3.1 Implicit measures

For both IAT measures, languages with bigger grammatical bias have large implicit bias than languages that don’t, and this effect is larger for male participants.

3.1.1 Behavioral IAT measure

full_d <- IAT_behavior_measures_imp %>%
  full_join(lang_bias, by = "language_code") %>%
  full_join(gender_data, by = "language_code") %>%
  select(-contains("test"))

iat_means <-  full_d %>%
  filter(!is.na(wikipedia_grammar_type2)) %>%
  mutate(sex = ifelse(is.na(sex), "all", sex)) %>%
  group_by(type, sex, wikipedia_grammar_type2) %>%
  multi_boot_standard(col = "mean", na.rm = T)

  ggplot(iat_means, aes(x = sex, 
                                 y = mean, fill = wikipedia_grammar_type2)) +
  geom_bar(stat = "identity", position = "dodge") +
  facet_wrap(~type, scales = "free") +
  geom_linerange(aes(ymin = ci_lower, ymax = ci_upper),  
                 position = position_dodge(width = .9)) +
  theme_bw() 

3.1.2 Language IAT measures

lang_means <-  full_d %>%
  filter(!is.na(wikipedia_grammar_type2)) %>%
  mutate(sex = ifelse(is.na(sex), "all", sex)) %>%
  filter(sex == "all") %>%
  group_by(wikipedia_grammar_type2) %>%
  multi_boot_standard(col = "lang_bias", na.rm = T)

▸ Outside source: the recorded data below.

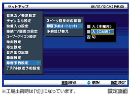 録画予約を行う前に、本編用またはCM用を選択・設定することで、本編だけの再生または、CMだけの再生をすることができます。
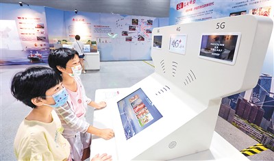 日前,在中国科学技术馆“科创百年——建党100周年科技成就科普展”上,小朋友参观通信发展展台。
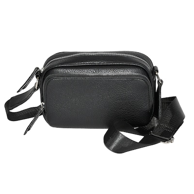 This Nicci crossbody bag with web strap is made of soft pebble PU and features a front zipper pocket for easy access to all your small items. Carry your sunglasses, cell phone, your cash and cards in the main zipper compartment. This bag makes every activity look fashionable!

  ggplot(lang_means, aes(x = wikipedia_grammar_type2, 
                                 y = mean, fill = wikipedia_grammar_type2)) +
  geom_bar(stat = "identity", position = "dodge") +
  geom_linerange(aes(ymin = ci_lower, ymax = ci_upper),  
                 position = position_dodge(width = .9)) +
  theme_bw() 

3.2 Explicit measure

This effect is also in the predicted direction: Languages that don’t have grammatical gender are more likely to associate males with family (but the reverse is true for career?).

full_d <- IAT_behavior_measures_exp %>%
  full_join(lang_bias, by = "language_code") %>%
  full_join(gender_data, by = "language_code") %>%
  select(-contains("test"))

iat_means <-  full_d %>%
  filter(!is.na(wikipedia_grammar_type2)) %>%
  mutate(sex = ifelse(is.na(sex), "all", sex)) %>%
  group_by(type, sex, wikipedia_grammar_type2) %>%
  multi_boot_standard(col = "mean", na.rm = T)

  ggplot(iat_means, aes(x = sex, 
                                 y = mean, fill = wikipedia_grammar_type2)) +
  geom_bar(stat = "identity", position = "dodge") +
  facet_wrap(~type, scales = "free") +
  geom_linerange(aes(ymin = ci_lower, ymax = ci_upper),  
                 position = position_dodge(width = .9)) +
  theme_bw()